Sophy reunió todo el coraje que pudo.
– Me refiero a que no aceptaré casarme con usted a menos que me dé su palabra de que no me forzará a someterme a usted, si yo no lo consiento.
Sintió que las mejillas se le encarnaban bajo la intensa mirada de Ravenwood. Las manos le temblaban sobre las riendas de Bailarín, que no dejaba de moverse. Otra ráfaga de viento agitó las ramas de los árboles, penetrando a través del traje de Sophy.
La ira se encendió en los ojos de esmeralda de Julián.
– Le doy mi palabra de honor, señorita Dorring, de que jamás he forzado a ninguna mujer en mi vida. Pero estamos hablando de matrimonio aquí y me niego a creer que no sepa que el matrimonio implica ciertas obligaciones tanto para la esposa como para el esposo.
Sophy asintió inmediatamente con la cabeza y el sombrero se le cayó simpáticamente sobre el ojo. En esta ocasión ignoró la pluma.
– También sé, milord, que la mayoría de los hombres no vacila en imponer sus derechos sobre la mujer, sin importarles si la esposa está o no de acuerdo en acceder. ¿Es usted uno de ellos?
– No pretenderá que me case con usted sabiendo desde un principio que mi esposa se negará a reconocer los derechos que me corresponderán en mí carácter de esposo -dijo Ravenwood apretando los dientes.
– Yo no he dicho que jamás estaría dispuesta a reconocer sus derechos. Simplemente estoy pidiendo que se me otorgue un tiempo considerable para que lo conozca y me adapte a la situación.
– No está pidiendo, señorita Dorring.
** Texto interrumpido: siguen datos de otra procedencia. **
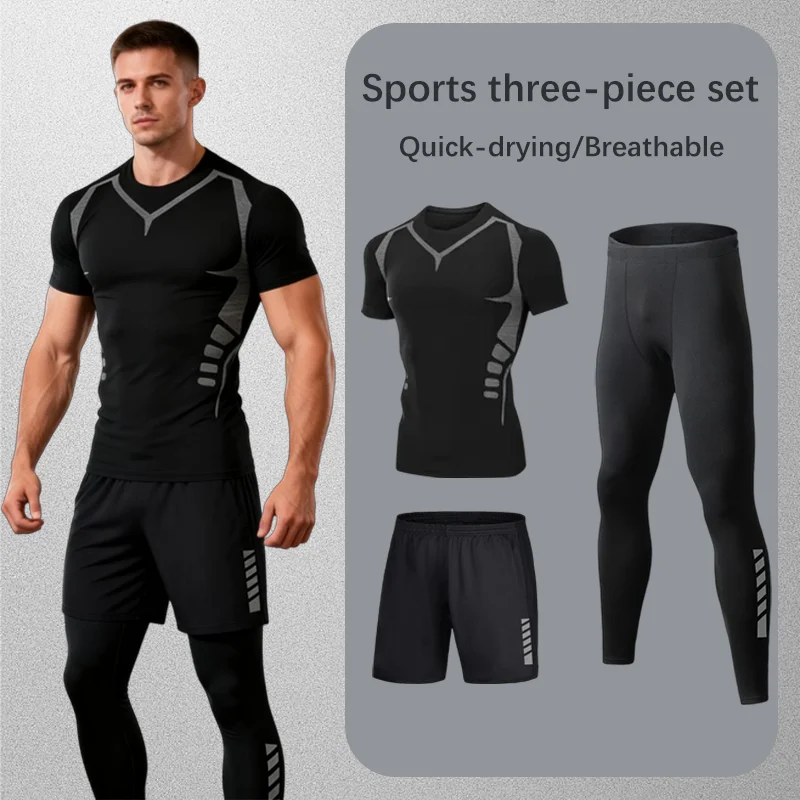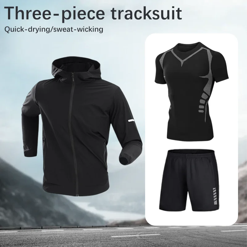 Męski szybkoschnący komplet sportowy z jedwabiu lodowego, z długim rękawem, kompresyjny, modny strój do biegania, fitnessu, treningu, boksu i joggingu.

Está exigiendo. ¿Es éste el resultado de sus malos hábitos en la lectura?
– Mi abuelo le advirtió sobre eso, ¿no?
– Sí. Y puedo asegurarle que yo personalmente me encargaré de controlar los textos que selecciona como lecturas una vez que nos casemos, señorita Dorring.
– Eso, por supuesto, llama a una tercera exigencia por mi parte. Debe permitírseme que compre y lea todos los libros y tratados que se me antojen.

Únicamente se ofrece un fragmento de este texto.